Les recommandations de la Cour des comptes sur les établissements pénitenciers ont été dans l’ensemble plutôt suivies. En effet, celle-ci veille à l’égalité des droits, y compris dans les prisons, notamment au sujet des prestations sociales. Il faut ajouter qu’elle ne s’attarde pas sur les reproches, bien souvent accablants, que mérite notre système carcérale pour son insalubrité et sa promiscuité en particulier…
La prison est une sanction, mais il est du devoir régalien de l’Etat de s’assurer que les établissements sont des lieux de privation de liberté, et non des fosses… Pourtant, la Cour ne mentionne aucunement cet aspect de la réalité. De plus, la surpopulation carcérale est elle aussi une réalité. Certains établissements comportent des cellules où sont emprisonnées plus de personnes qu’il n’y a de lits !
Face à ce constat, il apparaît évident qu’il faille ouvrir de nouveaux établissements pénitenciers. Mais rien n’est fait en la matière ! La France ne veut, ni investir « à perte » dans ce type d’infrastructures, ni ouvrir trop grande la porte au domaine privé pour la gestion de celles-ci. Elle préfère orienter des réformes de justice qui limitent les peines de prisons et en réduisent la durée-… Un projet de loi est en cours d’élaboration, qui doit être présenté dans les prochains mois par le ministre de la Justice, Christiane Taubira. L’un de ses buts en serait d’annuler les peines planchers.
La lutte contre le « tout carcéral » est une vision défendable, certes.
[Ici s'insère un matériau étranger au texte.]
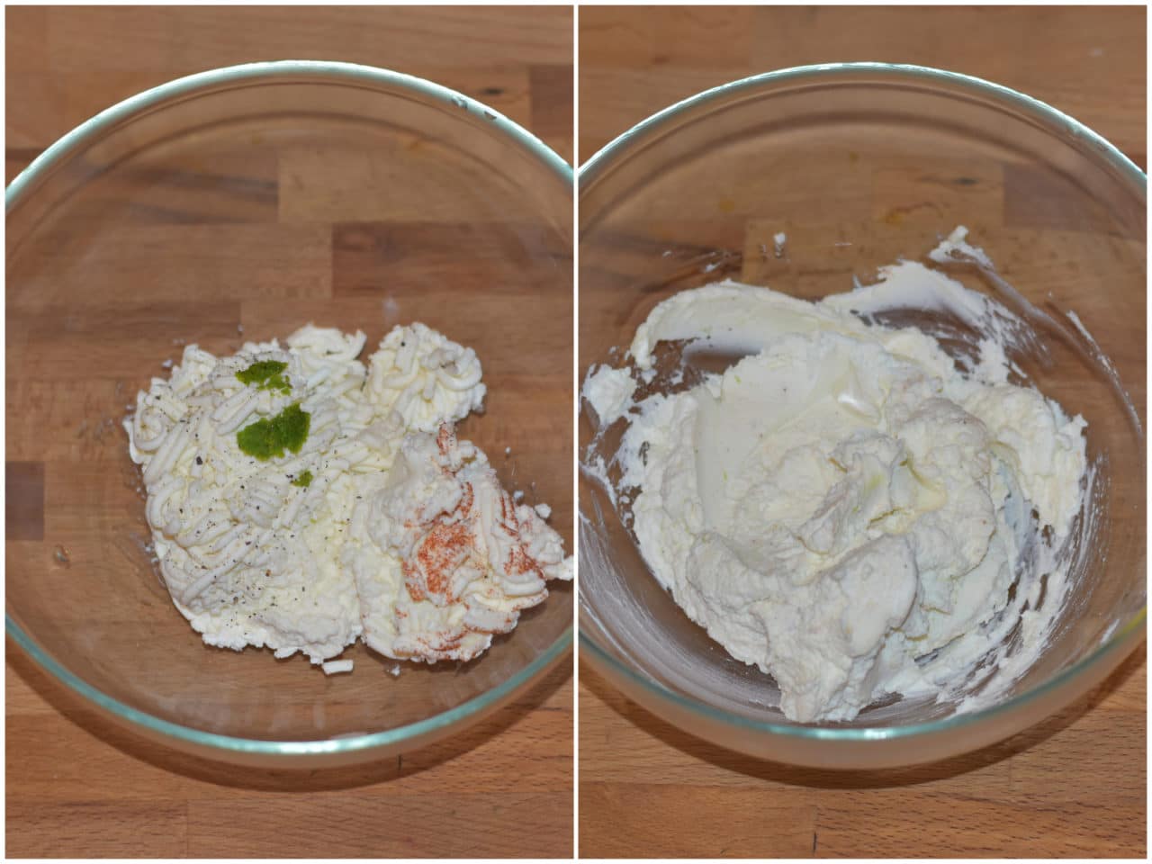 Passate ora al ripieno: unite in una ciotola ricotta, buccia di lime grattugiata, sale, pepe e paprica e amalgamate.

Mais une réalité s’impose : pendant que la France connaît une surpopulation carcérale, l’Allemagne, elle, ferme ses prisons, faute de détenus.
Les observations à l’encontre des juridictions ont été suivies. En revanche, les recommandations contenues dans le rapport de la Cour n’ont absolument pas pesé pour la gestion des frais de justice.
Le cas particulier du parc automobile du service de la police nationale est intéressant, car il –
démontre les abus en usage. On pourrait rétorquer que ce n’est pas si grave. Il n’empêche, si l’on multiplie ce type d’exemples à – l’ensemble de l’administration française, on pourrait se demander à combien se chiffrerait la dépense publique pour cet usage privé de biens publics… Le rôle de la Cour des comptes consistant à contrôler et à veiller au bon emploi des fonds publics, il aurait été intéressant que celle-ci fît une estimation du coût, supporté par le contribuable, de l’utilisation des véhicules à des fins personnelles par la police !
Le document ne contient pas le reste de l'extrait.